● **TASK DESCRIPTION**:
Can you copy out the data exactly? Leave the images out.

● **DATA SEGMENT**:

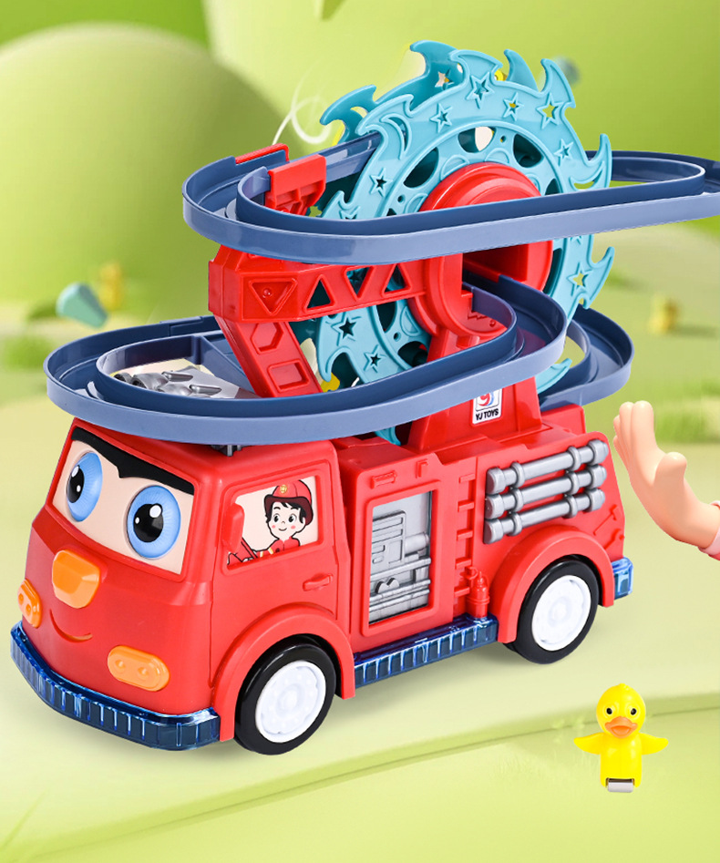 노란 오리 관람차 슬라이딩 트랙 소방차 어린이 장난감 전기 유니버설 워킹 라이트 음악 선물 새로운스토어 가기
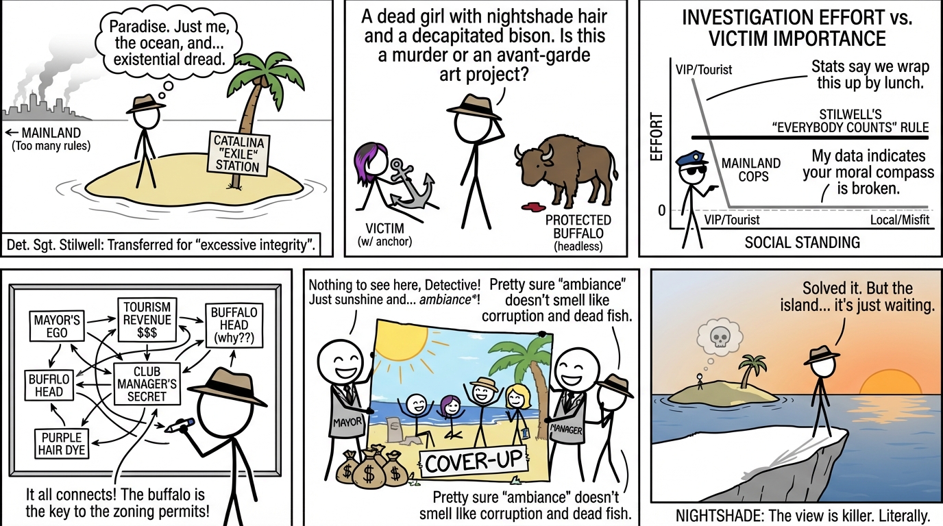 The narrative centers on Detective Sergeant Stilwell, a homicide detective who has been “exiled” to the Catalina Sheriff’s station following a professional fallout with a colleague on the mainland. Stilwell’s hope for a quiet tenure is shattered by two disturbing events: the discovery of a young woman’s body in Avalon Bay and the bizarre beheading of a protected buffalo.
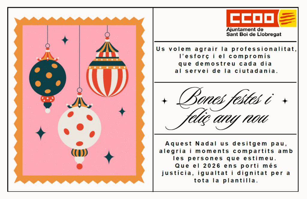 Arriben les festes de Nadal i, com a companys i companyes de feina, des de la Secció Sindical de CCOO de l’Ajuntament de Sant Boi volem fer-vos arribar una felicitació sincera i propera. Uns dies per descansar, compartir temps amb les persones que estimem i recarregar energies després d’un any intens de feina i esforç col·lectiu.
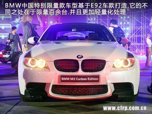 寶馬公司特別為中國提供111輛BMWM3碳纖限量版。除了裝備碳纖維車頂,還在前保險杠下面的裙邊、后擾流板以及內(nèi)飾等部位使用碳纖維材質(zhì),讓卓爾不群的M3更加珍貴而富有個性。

● **ANSWER SPACE**:
 노란 오리 관람차 슬라이딩 트랙 소방차 어린이 장난감 전기 유니버설 워킹 라이트 음악 선물 새로운스토어 가기
 The narrative centers on Detective Sergeant Stilwell, a homicide detective who has been “exiled” to the Catalina Sheriff’s station following a professional fallout with a colleague on the mainland. Stilwell’s hope for a quiet tenure is shattered by two disturbing events: the discovery of a young woman’s body in Avalon Bay and the bizarre beheading of a protected buffalo.
 Arriben les festes de Nadal i, com a companys i companyes de feina, des de la Secció Sindical de CCOO de l’Ajuntament de Sant Boi volem fer-vos arribar una felicitació sincera i propera. Uns dies per descansar, compartir temps amb les persones que estimem i recarregar energies després d’un any intens de feina i esforç col·lectiu.
 寶馬公司特別為中國提供111輛BMWM3碳纖限量版。除了裝備碳纖維車頂,還在前保險杠下面的裙邊、后擾流板以及內(nèi)飾等部位使用碳纖維材質(zhì),讓卓爾不群的M3更加珍貴而富有個性。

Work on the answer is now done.